Estar encadenado por uno mismo, por propia responsabilidad, bajo propia mano —o como se quiera decir— es casi insoportable.
Y nótese que digo casi, porque esto es lo más común del mundo; me atrevería a decir que es inherente a la raza humana.]


7: La gran playa solitaria.

Ikur todavía buscaba quién era él. Y el hombre de la rueda gigante lo acompañaba mientras él mismo buscaba el resto de su monstruosa bicicleta. Y las dos búsquedas parecían inútiles.
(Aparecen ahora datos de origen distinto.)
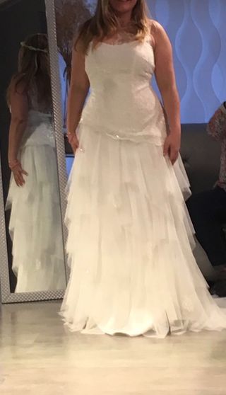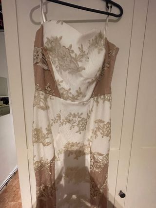 Se vende vestido de novia sin estrenar. Blanco, beig y toques dorados. El vestido es palabra de honor. Talla M, 38. Sin usar. Se compro para segundo vestido pero no se utilizo. También se puede utilizar para vestido de fiesta. Precio algo negociable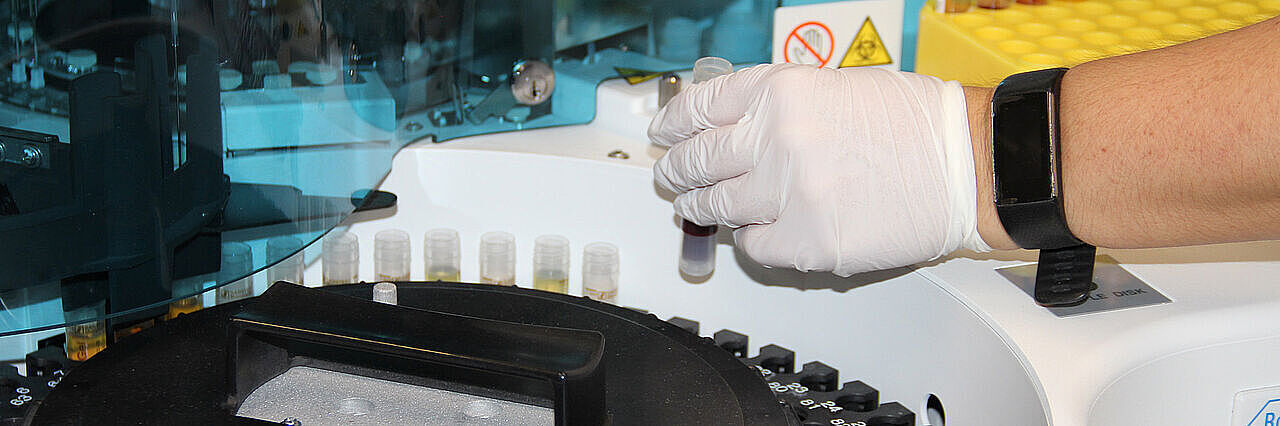 Die Hinterland-Klinik verfügt über eine moderne und umfangreiche Diagnostik. Bei uns im Haus gibt es ein eigenes Labor, das schnell und zuverlässig Untersuchungsergebnisse liefert – zum Beispiel zu Leber-, Herz- und Fettwerten, zu Elektrolyten, Bauchspeicheldrüsenwerten sowie Eiweiß- und Rheumawerten, zu Blutzuckertests und Nierenwerten (Creatinin-Clearance).

Cuando hubo pasado un buen tiempo desde que entrasen al bosque de los ensueños maravillosos —luego de haber hablado de todo lo bueno y bello de la vida, y de haberse extasiado de tanta magnificencia—, un temblor sacudió la tierra.
El breve terremoto, inspirado por el segundo artículo de la Ley del Tiempo, se tragó el bosque entero con un estruendo descomunal. Tan sólo quedó una grieta, como una terrible cicatriz que hacía doler los ojos al verla.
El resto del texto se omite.